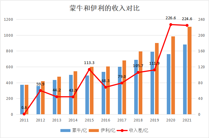 2011年到2021年这十一年间,蒙牛和伊利的收入差距从0.6亿变成了225亿,且收入差有进一步扩大的趋势。
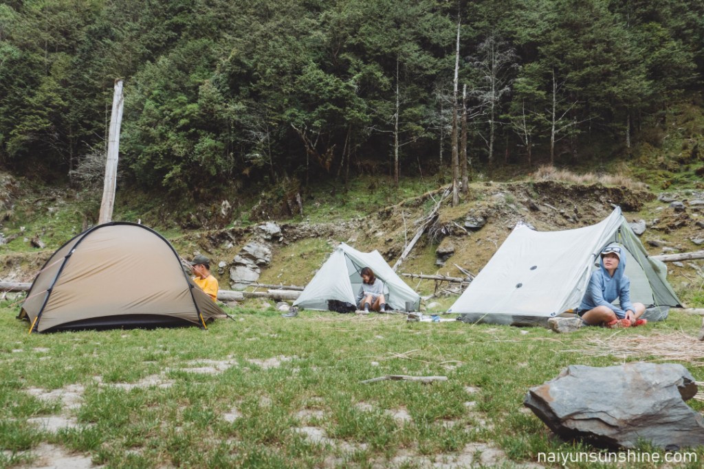 營地的風會從水源處吹來,正對水源的那一側風比較大,怕冷的人可以紮右側(靠近往小關山陡上路線的那一側).
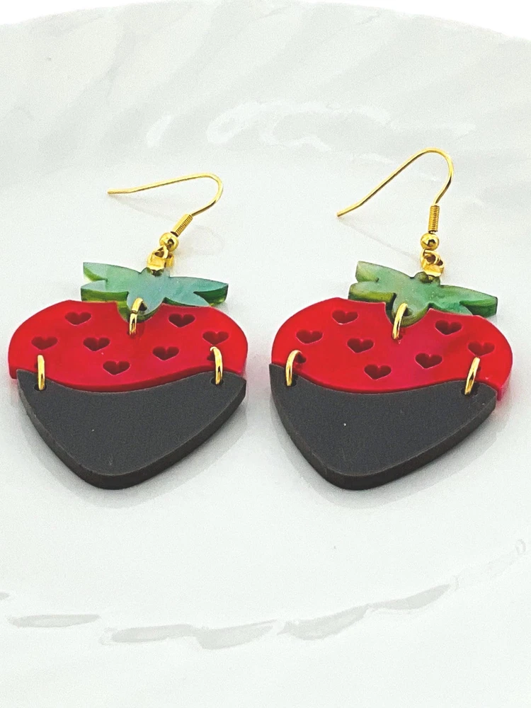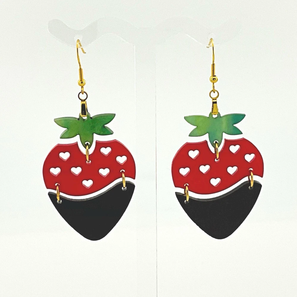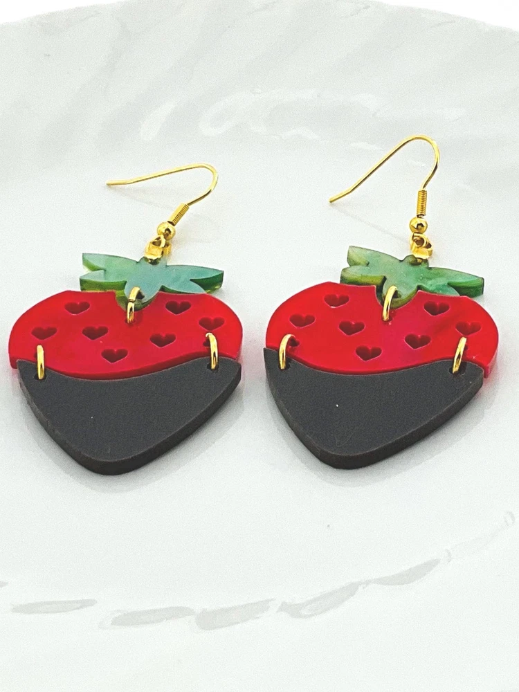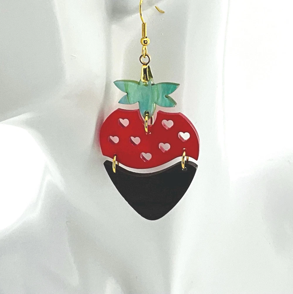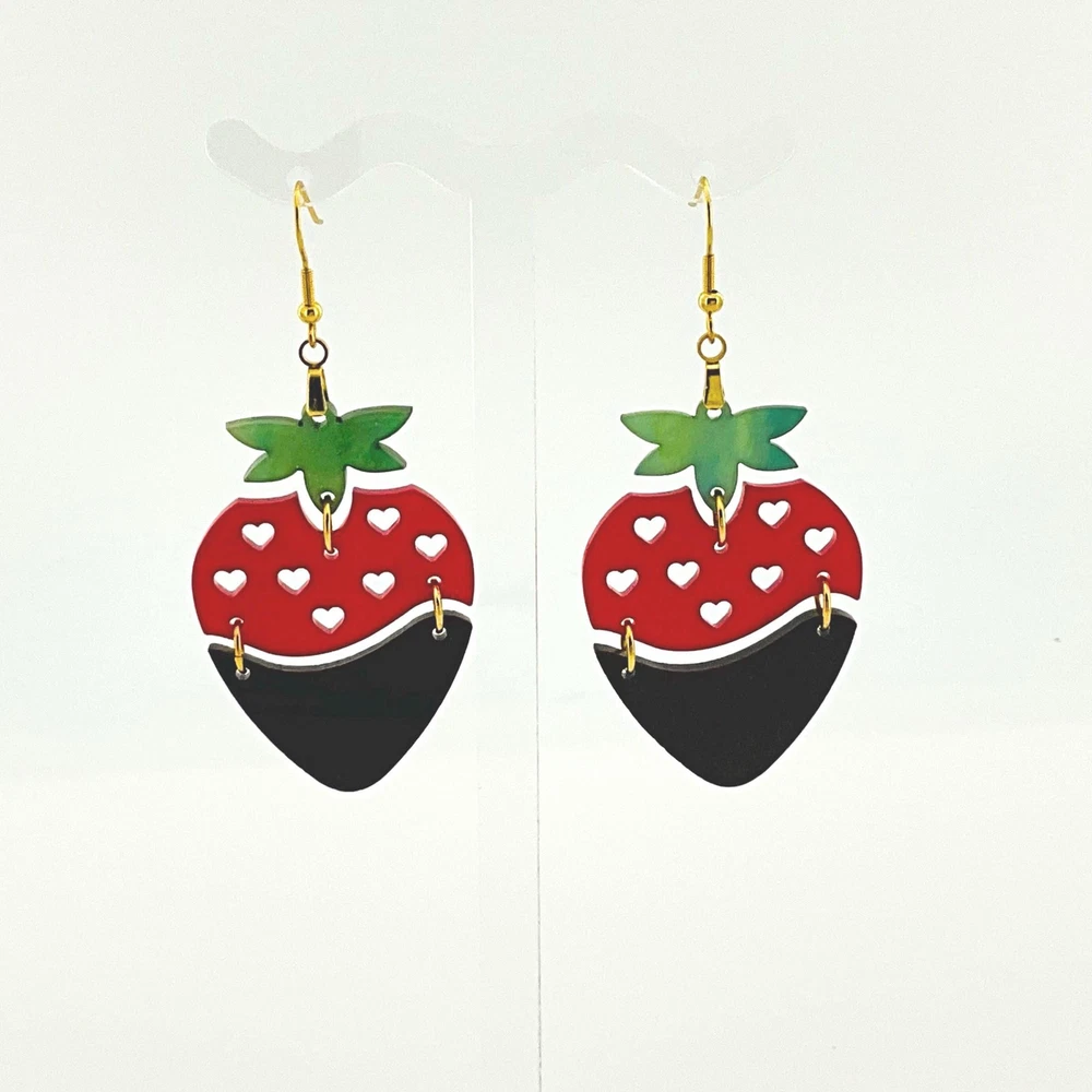 Add a touch of sweetness to your style with these adorable Strawberry Earrings! Handmade with love, these fruit earrings make the perfect gift for Valentine's Day or a special teacher. These whimsical earrings are a fun and unique addition to your jewelry collection. Stand out with these novelty strawberry jewelry pieces! Lightweight Acrylic Earrings on a Stainless Steel hook. Earring hardware is stainless steel, and nickel/lead free. 🌟(Please see item details/highlights for size information)🌟 Each earring is laser cut from acrylic and assembled by hand in our studio. 🌟Due to variation in the patterns and handmade processes, each earring will vary earring to earring. No two earrings will be identical but will look similar to what is pictured! Each pair of earrings comes on an earring card with silicone backers and packaged in an organza bag. Perfect for gift giving! We currently do not offer more gift-wrapping options. Shipping: All purchases are shipped in a box with tracking so that they arrive safely to you! Currently we only ship to US postal addresses. We have a set standard shipping time of 1-3 business days from the time your order is placed. Everything in our shop is already handmade and ready to ship FAST! Please be aware that unexpected delays can occur, which you will be notified at the time of any such occurrence. Jewelry Care: 🌟Each piece is delicate! Avoid dropping or bending! 🌟Do Not expose to excessive moisture, please remove jewelry before showering, swimming, and sleeping. 🌟Avoid abrasives, perfumes, lotions, excessive heat, chemicals etc. These may deteriorate your jewelry and may damage its appearance. 🌟Clean with the soft cloth we have included in your package (and it is FREE of Charge!) No Returns: Due to hygienic and safety reasons, ALL SALES ARE FINAL. We DO NOT accept returns. In the event you have an issue with your purchase, please feel free to message us on Etsy to discuss any possible resolution.
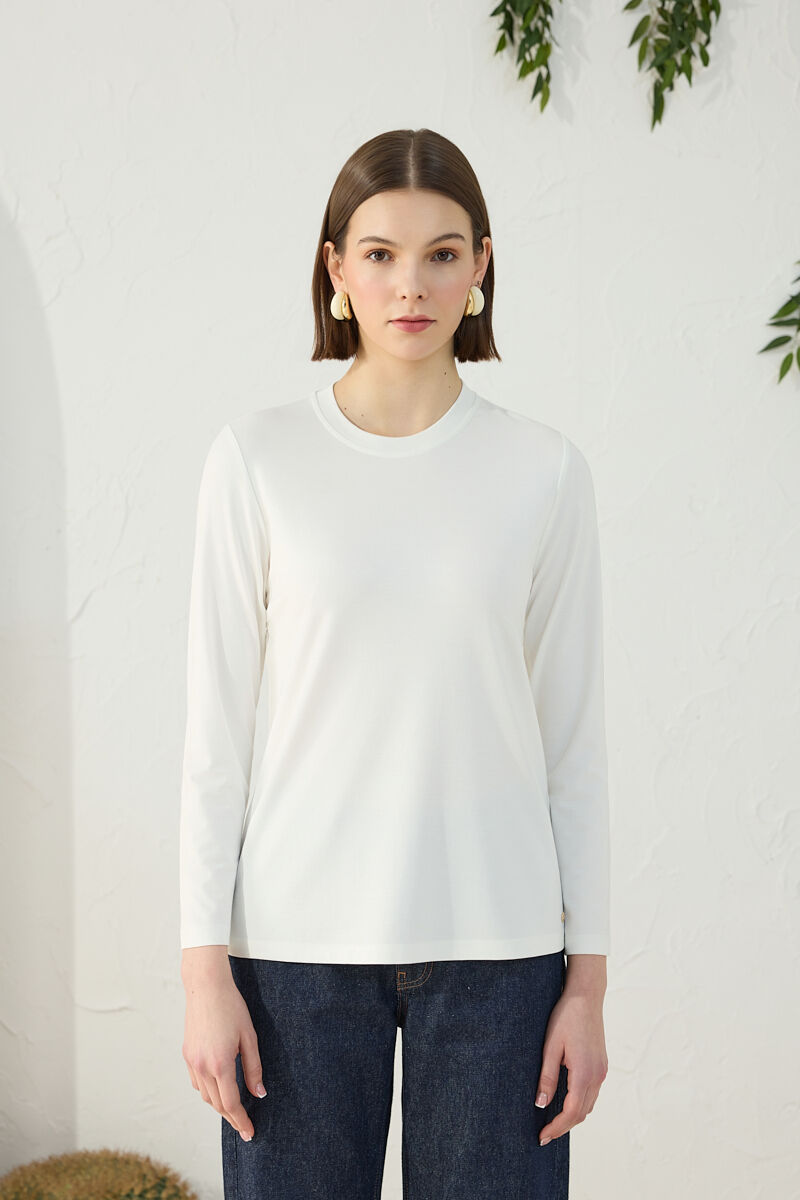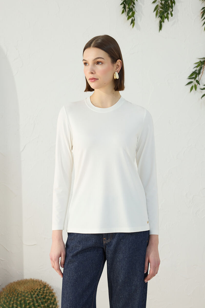 Ekru Basic Rayon T-Shırt
|---|
_What the exercise asks_. Make an exact copy of the lines from the top of the material through the line with "營地的風會從水源處吹來,正對", pictures excluded.

_Solution to this problem_.
 2011年到2021年这十一年间,蒙牛和伊利的收入差距从0.6亿变成了225亿,且收入差有进一步扩大的趋势。
 營地的風會從水源處吹來,正對水源的那一側風比較大,怕冷的人可以紮右側(靠近往小關山陡上路線的那一側).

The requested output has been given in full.